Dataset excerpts
........

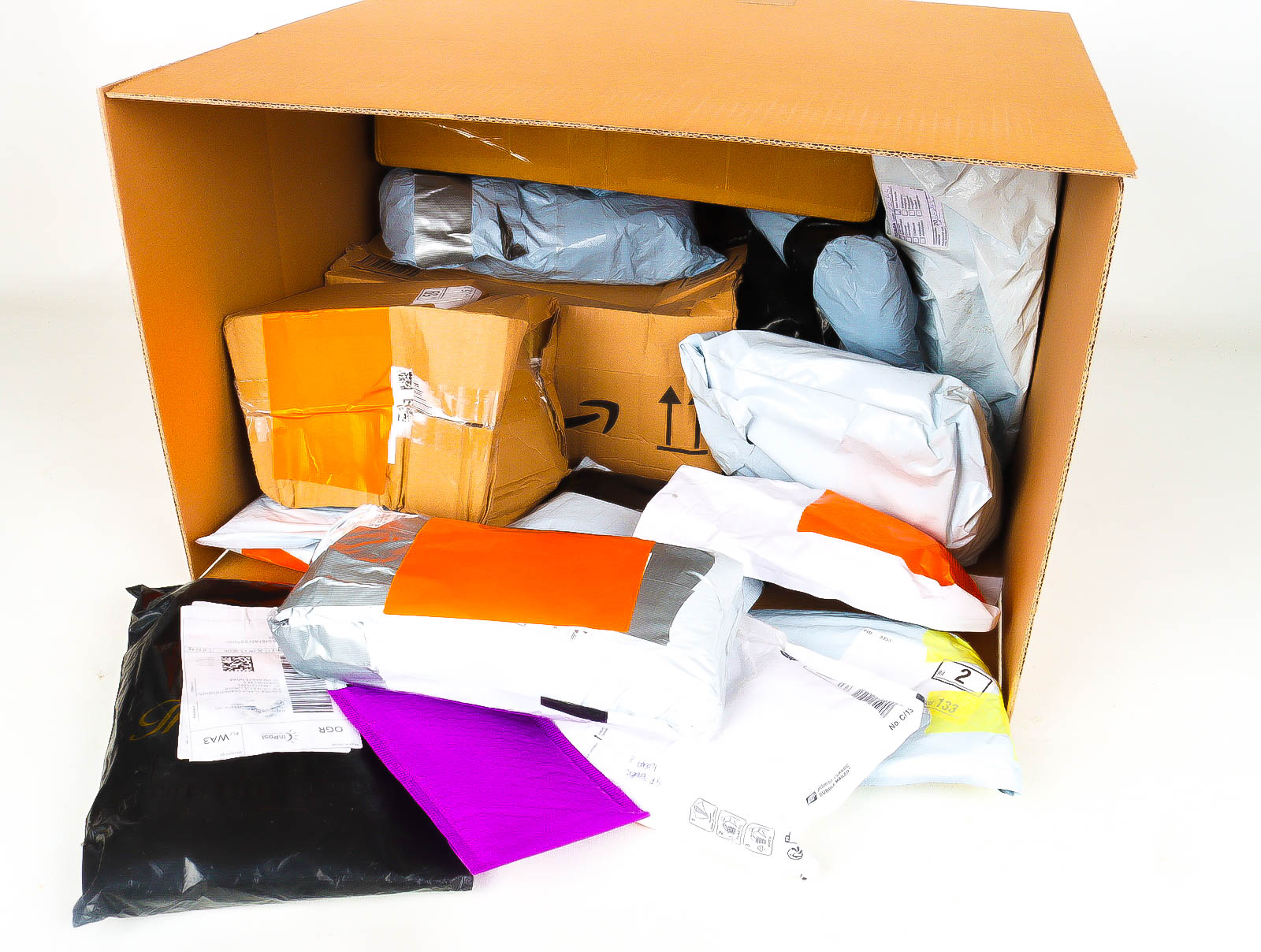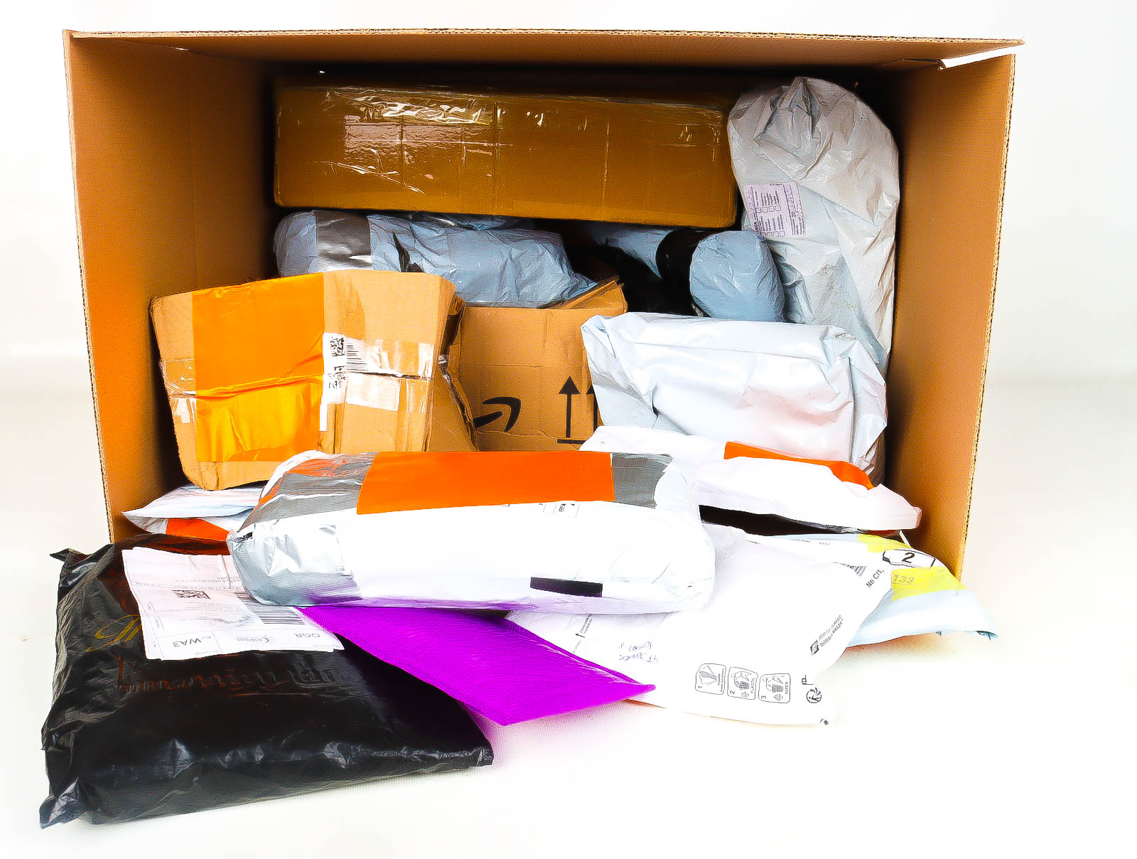 Deze pakketten zijn afkomstig van online retailers. De artikelen zijn binnen de zichttermijn teruggestuurd of zijn niet geleverd vanwege foutieve adressen, retourzendingen, of andere redenen.
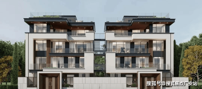 外立面:采用高级灰和白色经典搭配,穿插古铜色的铝板提升质感,大面积使用落地窗和露台,呈现出现代简约的光感外立面,使建筑更灵动轻盈。
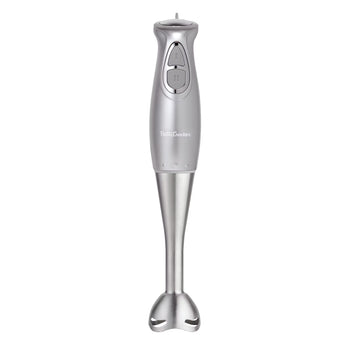 The Betty Crocker BC-4306SK is a powerful 2-speed immersion hand blender designed to simplify your kitchen tasks. It features a robust 250-watt motor capable of handling chopping pureeing dicing and emulsifying with ease. The ergonomic handle ensures comfortable grip and reduces hand fatigue during extended use. Its stainless steel blending shaft and included electric whisk allow you to create a variety of textures while the chopper bowl and 600mL beaker provide convenient preparation and storage solutions. Dishwasher-safe components make cleanup effortless and the long blending shaft allows you to work in taller pots and bowls with maximum efficiency. This versatile hand blender is perfect for everyday cooking and professional meal preparation offering precision control and reliable performance.
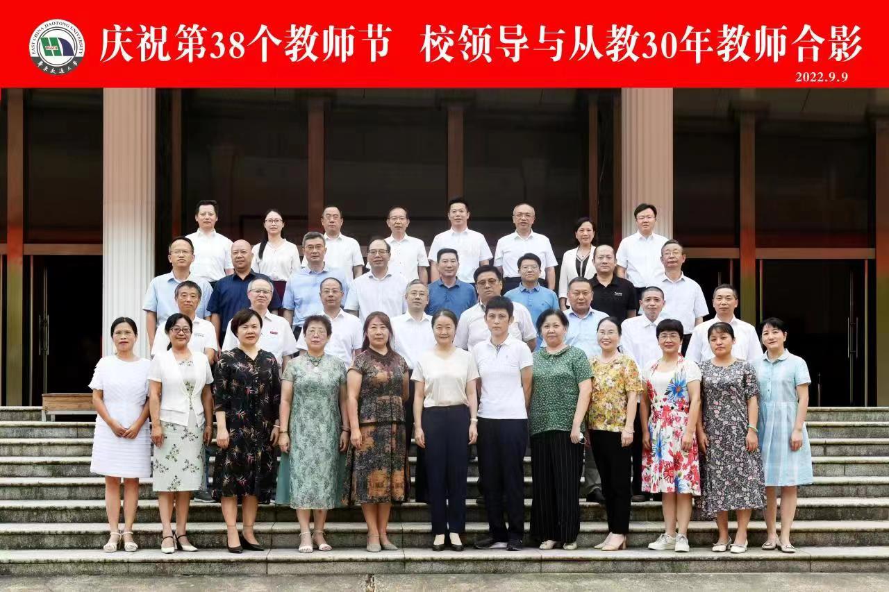 教师代表欧阳志刚、学生代表陈筱玥相继发言。会前,校领导与“从事教育工作满30年教职工”合影。
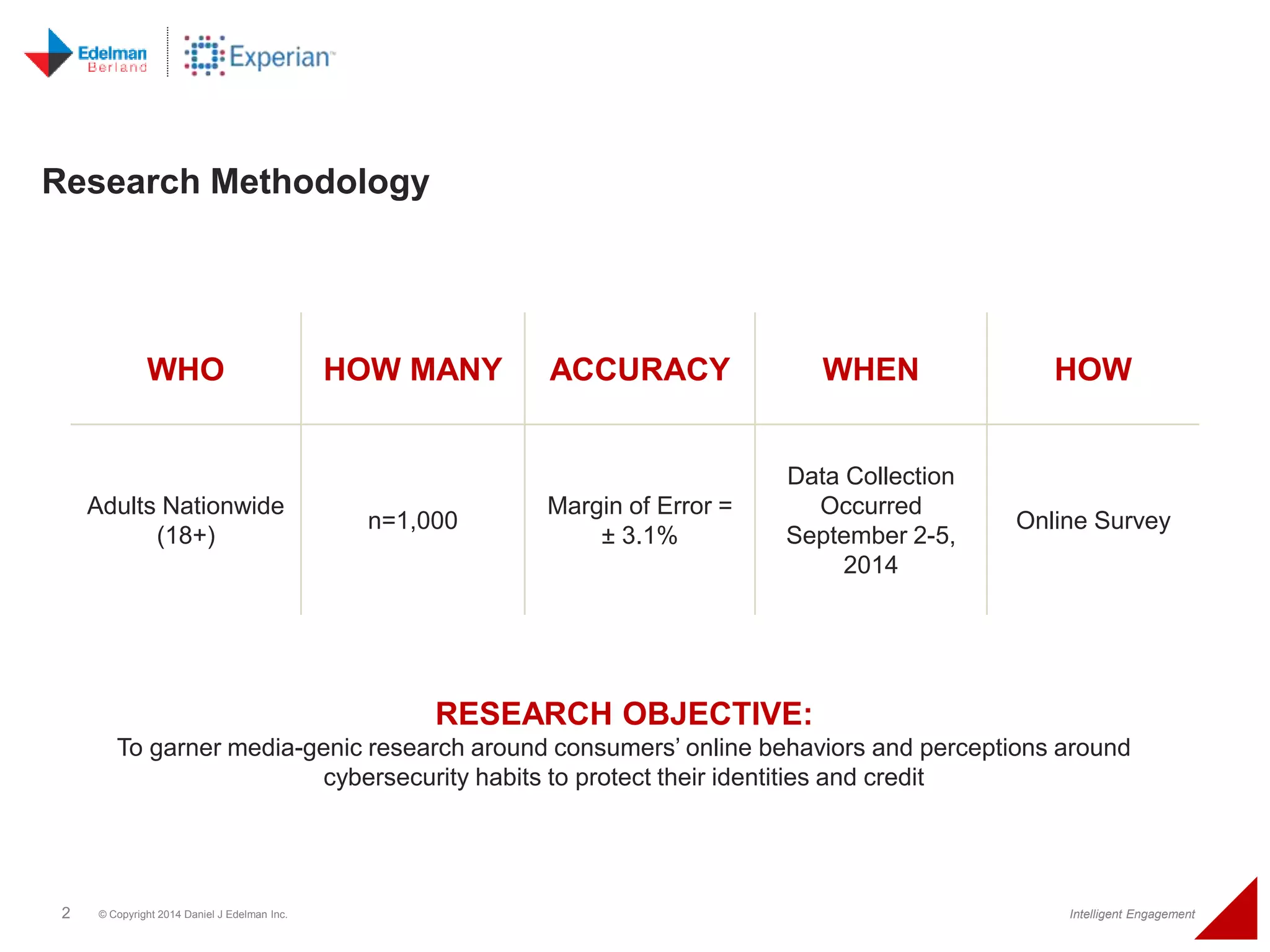 The 2014 Experian cybersecurity survey reveals significant consumer concern about identity theft, with 93% agreeing it is a growing problem. While many individuals take steps to protect their personal information, a lack of confidence remains, with 33% feeling they are not doing enough. The survey highlights disparities in consumer behavior regarding cybersecurity practices, including inadequate password protections and often ignoring privacy policies.

........

**Task prompt:** Nothing but the records themselves, exact and complete, should be returned; leave the pictures out.

**Answer to the exercise:**
 Deze pakketten zijn afkomstig van online retailers. De artikelen zijn binnen de zichttermijn teruggestuurd of zijn niet geleverd vanwege foutieve adressen, retourzendingen, of andere redenen.
 外立面:采用高级灰和白色经典搭配,穿插古铜色的铝板提升质感,大面积使用落地窗和露台,呈现出现代简约的光感外立面,使建筑更灵动轻盈。
 The Betty Crocker BC-4306SK is a powerful 2-speed immersion hand blender designed to simplify your kitchen tasks. It features a robust 250-watt motor capable of handling chopping pureeing dicing and emulsifying with ease. The ergonomic handle ensures comfortable grip and reduces hand fatigue during extended use. Its stainless steel blending shaft and included electric whisk allow you to create a variety of textures while the chopper bowl and 600mL beaker provide convenient preparation and storage solutions. Dishwasher-safe components make cleanup effortless and the long blending shaft allows you to work in taller pots and bowls with maximum efficiency. This versatile hand blender is perfect for everyday cooking and professional meal preparation offering precision control and reliable performance.
 教师代表欧阳志刚、学生代表陈筱玥相继发言。会前,校领导与“从事教育工作满30年教职工”合影。
 The 2014 Experian cybersecurity survey reveals significant consumer concern about identity theft, with 93% agreeing it is a growing problem. While many individuals take steps to protect their personal information, a lack of confidence remains, with 33% feeling they are not doing enough. The survey highlights disparities in consumer behavior regarding cybersecurity practices, including inadequate password protections and often ignoring privacy policies.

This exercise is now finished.